Sissy went to make some tea, and after a few deep breaths, Kick said, “Of course they can’t be here because of the war and all—”
“Kick,” interrupted Debo firmly, “there’s no need to pretend with us. We know you’re not talking about the Atlantic Ocean or the Germans.”
“Have they written at all?” asked Sissy gently.
“Nothing I’d want to share with you,” admitted Kick.
But Sissy frowned and said, “I’m sorry. No one should be unhappy about starting a new life with a wonderful man.” Kick was so touched by this, she burst into tears again.
Sissy actually laughed, and sat down next to her friend. “I didn’t think that was such a dangerous thing to say.”
Sissy’s fine features blurred in Kick’s watery eyes. “It’s just that I wish, I wish . . .” she gasped.
Debo reached over and put her hand on Kick’s. “We know. You don’t have to say more.”
“Please don’t tell Billy,” Kick whispered.
“Welcome to being a wife,” said Sissy.
“Exactly.” Debo grinned slyly, and despite her pregnancy-plumped face, she looked exactly like the party girl of eighteen Kick had colluded with six years ago.
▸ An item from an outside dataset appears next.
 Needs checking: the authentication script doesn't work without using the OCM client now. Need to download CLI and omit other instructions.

Towheaded Julian wandered over to them and said to Sissy, “May I have a biscuit, Mummy?” Then, catching a glimpse of Kick’s red face, he asked in such a proper manner that Kick blushed at the absurdity of the moment, “Are you all right, Miss Kennedy?”
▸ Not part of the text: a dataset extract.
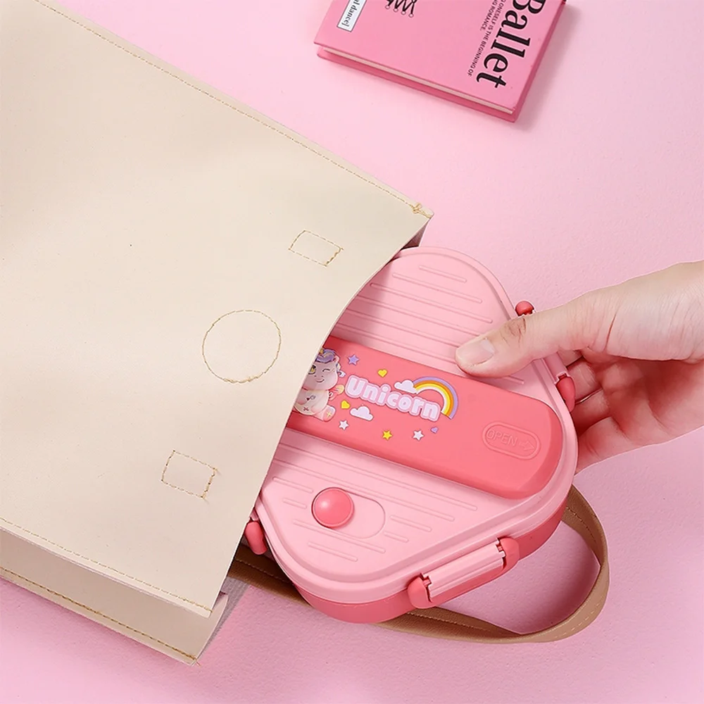 • 3 Grids Unicorn Lunch Box For Children Students Sandwich Fruit Food Storage Container Cartoon Kids Bento Box For School Camping – Random Color

Sissy intervened. “She won’t be Miss Kennedy much longer, Julian. You’d better start to practice calling her Marchioness.”
Safely back in the territory of etiquette, Julian gave Kick a little bow and said, “I hope you feel better, Marchioness.” Clearly bewildered, he took a handful of digestive biscuits and rejoined the other children.
Kick and Sissy and Debo dissolved into hysterical laughter, an absolute balm on her soul. Her friends’ visit also proved essential for her housewarming preparations, as they were able to advise her on the sorts of items that would be most useful in her post-honeymoon life in a hotel in Alton near Billy’s regiment. Debo said, “I’ve never been so bored as I’ve been as an army wife, so bring plenty to read.”
Sissy removed the nicer dresses from the packed trunks, saying, “Leave those in storage. There won’t be anywhere to wear them in Alton, and while you honeymoon at Compton Place, well, I’m sure Billy won’t want you wearing much of anything,” and again Sissy and Debo exchanged amused looks.
“Sissy!” Kick said, embarrassed but also flushed with anticipation.
“She’ll likely have to dress for dinner once,” Debo pointed out. “Duke and Duchess might pop by for supper.”
“Actually, speaking of . . . all that,” Kick said, hardly able to believe she was asking, “do you know anywhere I might be able to buy some satin sheets?”
Sissy grinned and said, “They cost more than gold at Harrods because of the fabric restrictions, but I have a set to give you. Consider it a gift. David prefers cotton.”
In the evening post the next day, a brown paper parcel arrived, and inside was Kick’s very own set of freshly washed yellow satin sheets that smelled like sunshine and dried lavender, and a note in Sissy’s hand that read, “A marchioness should sleep on satin sheets. Enjoy them.”
In the same post was a short note from the duchess saying that earlier in the day, Debo had delivered Peregrine Cavendish safely into the world. “It appears our family is growing and growing, and I couldn’t be happier,” she concluded.
Kick put the note between the pages of the Book of Common Prayer and packed it to take with her into her new life.